# Training and deploying a tabular model using Vertex AutoML - Part 2.

![Training pipeline](../images/automl.png)

## Import the required packages

In [11]:
import os
import pprint
import pandas as pd
import time

import matplotlib.pyplot as plt

from google.cloud import aiplatform as vertex_ai
from google.cloud.aiplatform_v1beta1 import types
from google.cloud import bigquery
from google.cloud import exceptions

## Configure GCP settings

*Before running the notebook make sure to follow the repo's README file to install the pre-requisites and configure GCP authentication.*

In [13]:
PREFIX = 'jk1'

shell_output=!gcloud config list --format 'value(core.project)' 2>/dev/null
PROJECT = shell_output[0]
print("Project ID: ", PROJECT)

Project ID:  jk-vertex-workshop


In [14]:
REGION = 'us-central1'
STAGING_BUCKET = f'gs://{PREFIX}-bucket'
VERTEX_SA = f'training-sa@{PROJECT}.iam.gserviceaccount.com'
BQ_DATASET_NAME = f'{PREFIX}_dataset' 
BQ_TABLE_NAME = 'features'
BQ_LOCATION = 'US'

INFO:google.cloud.aiplatform.training_jobs:AutoMLTabularTrainingJob projects/910094146258/locations/us-central1/trainingPipelines/3144466915997515776 current state:
PipelineState.PIPELINE_STATE_RUNNING


## Creating a tabular dataset in Vertex

### Initialize Vertex AI SDK

In [8]:
vertex_ai.init(
    project=PROJECT,
    location=REGION,
    staging_bucket=STAGING_BUCKET
)

### Create a dataset and import data

In [9]:
display_name = f'{PREFIX} Chicago taxi trips'
bq_source_uri = f'bq://{PROJECT}.{BQ_DATASET_NAME}.{BQ_TABLE_NAME}'

filter = f'display_name="{display_name}"'

dataset = vertex_ai.TabularDataset.list(filter=filter)
if not dataset:
    print("Creating a new dataset.")
    dataset = vertex_ai.TabularDataset.create(
        display_name=display_name, bq_source=bq_source_uri,
    )

    dataset.wait()
else:
    print("Using existing dataset: ", dataset[0].resource_name)
    dataset = vertex_ai.TabularDataset(dataset_name=dataset[0].resource_name)

Creating a new dataset.
INFO:google.cloud.aiplatform.datasets.dataset:Creating TabularDataset
INFO:google.cloud.aiplatform.datasets.dataset:Create TabularDataset backing LRO: projects/910094146258/locations/us-central1/datasets/4162953332899446784/operations/157533902859141120
INFO:google.cloud.aiplatform.datasets.dataset:TabularDataset created.
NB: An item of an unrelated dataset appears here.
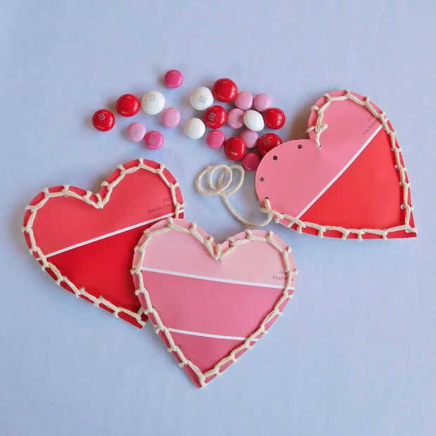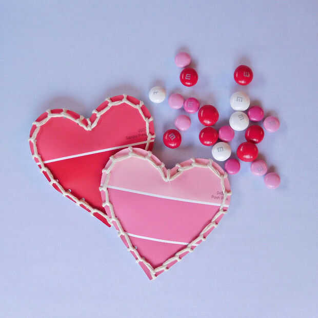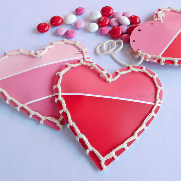 Reconozco que soy algo adicto a virutas de la pintura. ¿Cualquiera otro procede a la sección de viruta de pintura en la tienda de mejoras para el hogar incluso si usted no tiene plan de pintura? Es una fiesta visual. Me encanta mirar todos los colores, tomar muestras de algunos (o varios) y se preguntan qué algunos de los colores pueden ser apuntarle usado... y eso es decir mucho viniendo de alguien que tiene un martini verde (me encanta los nombres de los colores!) sala de estar! Ya que tengo un cajón que se ha llenado con la pintura de chips que pensaba que debo hacer algo con ellos. Con San Valentín a la vuelta de la esquina esto fue un comienzo apropiado y simple para tratar de disminuir mi escondite!!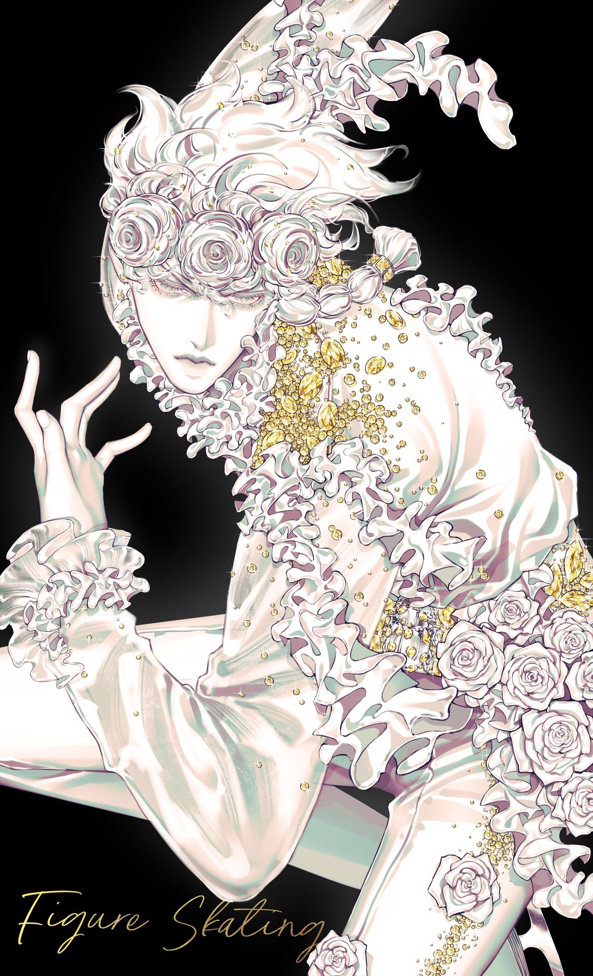 1boy alternate_costume bishounen black_background braid closed_mouth colored_skin english_text flower frilled_shirt frilled_sleeves frills gem giorno_giovanna grey_eyes hand_up hashtag-only_commentary highres jojo_no_kimyou_na_bouken long_sleeves looking_at_viewer male_focus pants rose shirt single_braid solo vento_aureo victory_rolls white_flower white_hair white_pants white_rose white_shirt white_skin white_theme yellow_gem zhhy3324

Resource name: projects/910094146258/locations/us-central1/datasets/4162953332899446784
INFO:google.cloud.aiplatform.datasets.dataset:To use this TabularDataset in another session:
INFO:google.cloud.aiplatform.datasets.dataset:ds = aiplatform.TabularDataset('projects/910094146258/locations/us-central1/datasets/4162953332899446784')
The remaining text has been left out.